第27章 小喇叭開始廣播啦
張延回到家把事情一說,孫曉紅眼圈頓時就紅了。
張興國就見不得老婆掉金豆子,嫌棄的遞上毛巾道:「你看、你看,這是好事嘛,你有什麼好哭的?」
孫曉紅背過身去,抹著眼淚抽噎道:「我兒子知道心疼我了,我高興還不行嗎?!」
「行行行,那你哭你的,我和兒子先去洗個澡。
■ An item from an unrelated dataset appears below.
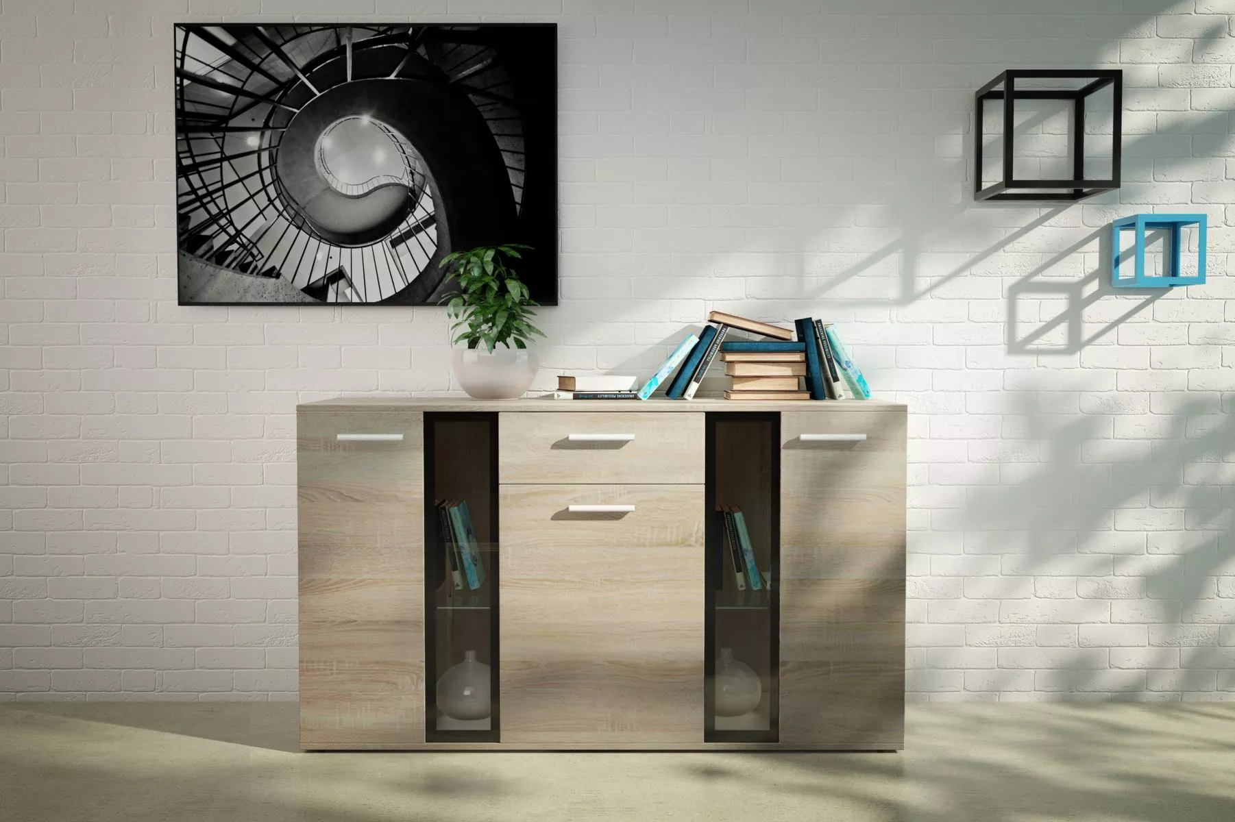 A Sana stílusos komód bármilyen helyiség dísze lesz. A megnyerő megjelenésén kívül értékeli majd az elegendő tárolóhelyet, míg az üvegezett részben kiállíthatja a dekortárgyait. A komód laminált bútorlapból készült, ami ellenálló anyagáról híres.

」說話間,張興國就扯著兒子奪門而出。
孫曉紅忙追出去叮囑道:「當家的,你記得帶一瓶啤酒過來?」
「誰喝那玩意兒……」
第一時間更新
「我喝!」
去澡堂的路上,張延才把自己要給津門電視台寫劇本的事情說了。
張興國先是替兒子高興,繼而卻又開始欲言又止。
張延知道他要說什麼,搶先道:「爸,我其實早看開了,周楠這麼久都不跟家裡聯繫,八成是遇到了什麼意外,我現在也就是儘人事聽天命。」
周楠雖然是個有執拗的,但絕對不是那種一點親情都不顧的冷血動物,可這一走大半年,卻連個隻言片語都冇傳回來,就跟人間蒸發了一樣。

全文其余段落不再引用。